The second class of CMs, ATPase remodelers, can directly affect the degree of chromatin packing by repositioning or sliding nucleosomes along the DNA (Reviewed in [62]) (Fig. 11.1b). The primary driving force behind this motion comes from a central catalytic subunit, which contains a conserved ATPase domain that provides the energy to move nucleosomes by rewinding the DNA around them. This process involves breaking and reforming most histone–DNA interactions, which likely explains the broad effects that remodelers can have on nucleosomal DNA accessibility [63, 64], nucleosome eviction [6567] and histone exchange [68, 69]. Besides the ATPase domain, the catalytic subunits contain various additional domains that have been used to classify these remodelers into four major families: SWI/SNF, ISWI, CHD and INO80. Interestingly, with the exception of INO80 subunits, many of these additional domains mediate affinity to distinct histone modifications [70, 71], which are thought to confer different preferences for specifically modified chromatin structures to each family [72, 73]. SWI/SNF remodelers contain a bromodomain which binds acetylated histones [74], while the CHD family possesses chromodomains that can interact with methylated histone tails [7578]. ISWI family proteins have a pair of SANT and SLIDE domains that are believed to form a module with affinity for unmodified histones [79], though it is as yet unclear to what degree this interaction may be affected by specific modifications.

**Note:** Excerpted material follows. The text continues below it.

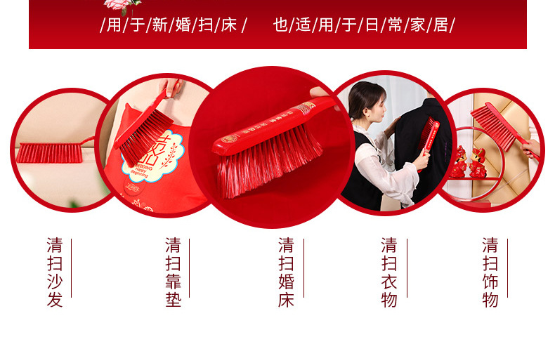 Artículos para bodas, escoba roja para barrer la cama, herramientas para la habitación nupcial, eliminación de polvo, celebración de bodas, ropa de cama para el dote de la novia

The diversity of CMs is further increased through the association of the core catalytic subunits with different complements of additional proteins, which can vary even within families [62, 70, 80]. These accessory subunits can play a structural role, and can also contribute a variety of additional interaction domains and catalytic activities. Some complexes, such as NURD (nucleosome-remodelling and histone deacytelase), even combine ATPase remodeler and histone modifier activities [81]. As in the case of histone modifications and their associated enzymes, a broad classification can be made regarding the effects of the ATPase remodelers on gene expression. For example, recruitment of SWI/SNF complexes is predominantly associated with transcriptional activation, consistent with its preference for acetylated histones, while ISWI complexes typically function as repressors [82]. This distinction is by no means sharply defined, though, and most ATPase remodelers have been found to function as activators at some promoters and repressors at others. Thus the ultimate effect of remodelling can vary depending on the context in which this remodelling takes place.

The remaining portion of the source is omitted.